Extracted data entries
————

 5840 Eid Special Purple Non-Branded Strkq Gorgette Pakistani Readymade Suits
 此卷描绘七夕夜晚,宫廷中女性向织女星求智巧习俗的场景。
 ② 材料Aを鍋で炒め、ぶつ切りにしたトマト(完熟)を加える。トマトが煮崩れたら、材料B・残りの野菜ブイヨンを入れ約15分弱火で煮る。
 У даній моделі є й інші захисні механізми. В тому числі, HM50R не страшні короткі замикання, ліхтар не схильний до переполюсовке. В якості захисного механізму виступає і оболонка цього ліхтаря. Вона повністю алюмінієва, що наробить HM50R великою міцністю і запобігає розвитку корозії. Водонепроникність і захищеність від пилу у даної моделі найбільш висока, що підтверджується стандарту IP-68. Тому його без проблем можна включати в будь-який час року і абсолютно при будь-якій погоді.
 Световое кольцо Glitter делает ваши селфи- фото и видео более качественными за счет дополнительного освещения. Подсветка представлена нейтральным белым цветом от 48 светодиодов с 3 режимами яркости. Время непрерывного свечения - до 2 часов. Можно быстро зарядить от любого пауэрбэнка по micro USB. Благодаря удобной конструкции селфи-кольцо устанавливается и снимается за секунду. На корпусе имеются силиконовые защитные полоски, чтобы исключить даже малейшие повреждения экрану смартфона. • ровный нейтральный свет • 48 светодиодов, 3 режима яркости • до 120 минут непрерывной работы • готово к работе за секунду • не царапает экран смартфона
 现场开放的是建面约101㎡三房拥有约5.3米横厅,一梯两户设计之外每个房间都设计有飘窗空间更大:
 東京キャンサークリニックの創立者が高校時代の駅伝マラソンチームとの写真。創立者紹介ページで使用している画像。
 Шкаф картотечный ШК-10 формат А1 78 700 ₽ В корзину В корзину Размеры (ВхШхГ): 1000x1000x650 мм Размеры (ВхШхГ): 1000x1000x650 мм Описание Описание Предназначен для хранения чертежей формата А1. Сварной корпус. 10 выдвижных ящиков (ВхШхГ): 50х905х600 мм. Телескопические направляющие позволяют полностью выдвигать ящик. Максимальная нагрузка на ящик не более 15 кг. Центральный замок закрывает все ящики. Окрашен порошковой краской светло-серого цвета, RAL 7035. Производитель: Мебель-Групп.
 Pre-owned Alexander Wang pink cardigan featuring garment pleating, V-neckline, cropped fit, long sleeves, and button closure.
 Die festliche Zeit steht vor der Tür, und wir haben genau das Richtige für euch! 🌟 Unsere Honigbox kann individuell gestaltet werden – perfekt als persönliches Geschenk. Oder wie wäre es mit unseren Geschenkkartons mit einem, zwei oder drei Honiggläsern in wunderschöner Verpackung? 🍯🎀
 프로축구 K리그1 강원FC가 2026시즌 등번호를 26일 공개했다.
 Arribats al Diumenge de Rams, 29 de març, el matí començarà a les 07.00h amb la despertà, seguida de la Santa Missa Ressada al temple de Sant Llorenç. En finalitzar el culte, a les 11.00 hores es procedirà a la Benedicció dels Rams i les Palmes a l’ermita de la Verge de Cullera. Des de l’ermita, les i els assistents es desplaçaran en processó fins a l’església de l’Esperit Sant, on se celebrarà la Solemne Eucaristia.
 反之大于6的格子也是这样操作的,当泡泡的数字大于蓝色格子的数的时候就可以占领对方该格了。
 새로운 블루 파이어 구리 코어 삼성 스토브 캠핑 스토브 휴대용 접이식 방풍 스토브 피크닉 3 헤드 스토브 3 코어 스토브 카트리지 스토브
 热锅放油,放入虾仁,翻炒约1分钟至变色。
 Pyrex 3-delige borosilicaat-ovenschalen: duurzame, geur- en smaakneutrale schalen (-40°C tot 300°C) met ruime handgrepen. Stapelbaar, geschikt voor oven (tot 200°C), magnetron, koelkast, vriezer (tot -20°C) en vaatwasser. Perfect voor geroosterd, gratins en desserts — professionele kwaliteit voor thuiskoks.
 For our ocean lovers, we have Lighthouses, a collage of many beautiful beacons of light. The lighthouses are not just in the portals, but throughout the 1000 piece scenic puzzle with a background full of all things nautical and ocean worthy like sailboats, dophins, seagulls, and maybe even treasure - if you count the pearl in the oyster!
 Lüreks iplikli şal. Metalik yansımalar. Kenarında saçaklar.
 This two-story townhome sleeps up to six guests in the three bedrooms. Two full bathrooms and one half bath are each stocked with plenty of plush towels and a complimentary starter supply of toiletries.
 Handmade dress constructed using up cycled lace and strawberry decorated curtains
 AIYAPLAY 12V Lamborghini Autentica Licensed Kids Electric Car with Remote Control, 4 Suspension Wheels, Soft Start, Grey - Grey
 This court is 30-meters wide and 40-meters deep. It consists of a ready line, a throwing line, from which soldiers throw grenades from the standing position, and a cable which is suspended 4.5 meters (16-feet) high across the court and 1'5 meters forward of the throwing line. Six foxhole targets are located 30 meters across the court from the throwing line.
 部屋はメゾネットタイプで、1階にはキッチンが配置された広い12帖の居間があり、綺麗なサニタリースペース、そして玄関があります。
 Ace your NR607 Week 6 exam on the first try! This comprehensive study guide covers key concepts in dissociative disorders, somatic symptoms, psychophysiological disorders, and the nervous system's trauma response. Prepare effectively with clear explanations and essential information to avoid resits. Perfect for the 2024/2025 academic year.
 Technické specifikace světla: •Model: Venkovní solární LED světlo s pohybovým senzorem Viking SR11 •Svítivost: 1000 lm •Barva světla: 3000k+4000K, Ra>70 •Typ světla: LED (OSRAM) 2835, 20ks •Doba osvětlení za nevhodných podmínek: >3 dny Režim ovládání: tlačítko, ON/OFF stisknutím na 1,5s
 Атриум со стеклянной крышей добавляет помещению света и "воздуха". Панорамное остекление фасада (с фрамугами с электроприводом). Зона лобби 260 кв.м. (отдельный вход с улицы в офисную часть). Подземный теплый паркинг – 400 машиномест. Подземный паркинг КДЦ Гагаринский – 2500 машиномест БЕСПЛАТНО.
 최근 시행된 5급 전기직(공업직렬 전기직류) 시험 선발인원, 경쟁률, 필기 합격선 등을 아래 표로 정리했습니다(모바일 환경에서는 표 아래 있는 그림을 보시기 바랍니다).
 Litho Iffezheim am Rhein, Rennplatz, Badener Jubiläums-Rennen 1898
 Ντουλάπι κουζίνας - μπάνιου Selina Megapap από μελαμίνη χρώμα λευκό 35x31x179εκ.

————

§ **TASK TO COMPLETE**
Copy out each line of the data exactly.

§ **PROBLEM SOLUTION**
 5840 Eid Special Purple Non-Branded Strkq Gorgette Pakistani Readymade Suits
 此卷描绘七夕夜晚,宫廷中女性向织女星求智巧习俗的场景。
 ② 材料Aを鍋で炒め、ぶつ切りにしたトマト(完熟)を加える。トマトが煮崩れたら、材料B・残りの野菜ブイヨンを入れ約15分弱火で煮る。
 У даній моделі є й інші захисні механізми. В тому числі, HM50R не страшні короткі замикання, ліхтар не схильний до переполюсовке. В якості захисного механізму виступає і оболонка цього ліхтаря. Вона повністю алюмінієва, що наробить HM50R великою міцністю і запобігає розвитку корозії. Водонепроникність і захищеність від пилу у даної моделі найбільш висока, що підтверджується стандарту IP-68. Тому його без проблем можна включати в будь-який час року і абсолютно при будь-якій погоді.
 Световое кольцо Glitter делает ваши селфи- фото и видео более качественными за счет дополнительного освещения. Подсветка представлена нейтральным белым цветом от 48 светодиодов с 3 режимами яркости. Время непрерывного свечения - до 2 часов. Можно быстро зарядить от любого пауэрбэнка по micro USB. Благодаря удобной конструкции селфи-кольцо устанавливается и снимается за секунду. На корпусе имеются силиконовые защитные полоски, чтобы исключить даже малейшие повреждения экрану смартфона. • ровный нейтральный свет • 48 светодиодов, 3 режима яркости • до 120 минут непрерывной работы • готово к работе за секунду • не царапает экран смартфона
 现场开放的是建面约101㎡三房拥有约5.3米横厅,一梯两户设计之外每个房间都设计有飘窗空间更大:
 東京キャンサークリニックの創立者が高校時代の駅伝マラソンチームとの写真。創立者紹介ページで使用している画像。
 Шкаф картотечный ШК-10 формат А1 78 700 ₽ В корзину В корзину Размеры (ВхШхГ): 1000x1000x650 мм Размеры (ВхШхГ): 1000x1000x650 мм Описание Описание Предназначен для хранения чертежей формата А1. Сварной корпус. 10 выдвижных ящиков (ВхШхГ): 50х905х600 мм. Телескопические направляющие позволяют полностью выдвигать ящик. Максимальная нагрузка на ящик не более 15 кг. Центральный замок закрывает все ящики. Окрашен порошковой краской светло-серого цвета, RAL 7035. Производитель: Мебель-Групп.
 Pre-owned Alexander Wang pink cardigan featuring garment pleating, V-neckline, cropped fit, long sleeves, and button closure.
 Die festliche Zeit steht vor der Tür, und wir haben genau das Richtige für euch! 🌟 Unsere Honigbox kann individuell gestaltet werden – perfekt als persönliches Geschenk. Oder wie wäre es mit unseren Geschenkkartons mit einem, zwei oder drei Honiggläsern in wunderschöner Verpackung? 🍯🎀
 프로축구 K리그1 강원FC가 2026시즌 등번호를 26일 공개했다.
 Arribats al Diumenge de Rams, 29 de març, el matí començarà a les 07.00h amb la despertà, seguida de la Santa Missa Ressada al temple de Sant Llorenç. En finalitzar el culte, a les 11.00 hores es procedirà a la Benedicció dels Rams i les Palmes a l’ermita de la Verge de Cullera. Des de l’ermita, les i els assistents es desplaçaran en processó fins a l’església de l’Esperit Sant, on se celebrarà la Solemne Eucaristia.
 反之大于6的格子也是这样操作的,当泡泡的数字大于蓝色格子的数的时候就可以占领对方该格了。
 새로운 블루 파이어 구리 코어 삼성 스토브 캠핑 스토브 휴대용 접이식 방풍 스토브 피크닉 3 헤드 스토브 3 코어 스토브 카트리지 스토브
 热锅放油,放入虾仁,翻炒约1分钟至变色。
 Pyrex 3-delige borosilicaat-ovenschalen: duurzame, geur- en smaakneutrale schalen (-40°C tot 300°C) met ruime handgrepen. Stapelbaar, geschikt voor oven (tot 200°C), magnetron, koelkast, vriezer (tot -20°C) en vaatwasser. Perfect voor geroosterd, gratins en desserts — professionele kwaliteit voor thuiskoks.
 For our ocean lovers, we have Lighthouses, a collage of many beautiful beacons of light. The lighthouses are not just in the portals, but throughout the 1000 piece scenic puzzle with a background full of all things nautical and ocean worthy like sailboats, dophins, seagulls, and maybe even treasure - if you count the pearl in the oyster!
 Lüreks iplikli şal. Metalik yansımalar. Kenarında saçaklar.
 This two-story townhome sleeps up to six guests in the three bedrooms. Two full bathrooms and one half bath are each stocked with plenty of plush towels and a complimentary starter supply of toiletries.
 Handmade dress constructed using up cycled lace and strawberry decorated curtains
 AIYAPLAY 12V Lamborghini Autentica Licensed Kids Electric Car with Remote Control, 4 Suspension Wheels, Soft Start, Grey - Grey
 This court is 30-meters wide and 40-meters deep. It consists of a ready line, a throwing line, from which soldiers throw grenades from the standing position, and a cable which is suspended 4.5 meters (16-feet) high across the court and 1'5 meters forward of the throwing line. Six foxhole targets are located 30 meters across the court from the throwing line.
 部屋はメゾネットタイプで、1階にはキッチンが配置された広い12帖の居間があり、綺麗なサニタリースペース、そして玄関があります。
 Ace your NR607 Week 6 exam on the first try! This comprehensive study guide covers key concepts in dissociative disorders, somatic symptoms, psychophysiological disorders, and the nervous system's trauma response. Prepare effectively with clear explanations and essential information to avoid resits. Perfect for the 2024/2025 academic year.
 Technické specifikace světla: •Model: Venkovní solární LED světlo s pohybovým senzorem Viking SR11 •Svítivost: 1000 lm •Barva světla: 3000k+4000K, Ra>70 •Typ světla: LED (OSRAM) 2835, 20ks •Doba osvětlení za nevhodných podmínek: >3 dny Režim ovládání: tlačítko, ON/OFF stisknutím na 1,5s
 Атриум со стеклянной крышей добавляет помещению света и "воздуха". Панорамное остекление фасада (с фрамугами с электроприводом). Зона лобби 260 кв.м. (отдельный вход с улицы в офисную часть). Подземный теплый паркинг – 400 машиномест. Подземный паркинг КДЦ Гагаринский – 2500 машиномест БЕСПЛАТНО.
 최근 시행된 5급 전기직(공업직렬 전기직류) 시험 선발인원, 경쟁률, 필기 합격선 등을 아래 표로 정리했습니다(모바일 환경에서는 표 아래 있는 그림을 보시기 바랍니다).
 Litho Iffezheim am Rhein, Rennplatz, Badener Jubiläums-Rennen 1898
 Ντουλάπι κουζίνας - μπάνιου Selina Megapap από μελαμίνη χρώμα λευκό 35x31x179εκ.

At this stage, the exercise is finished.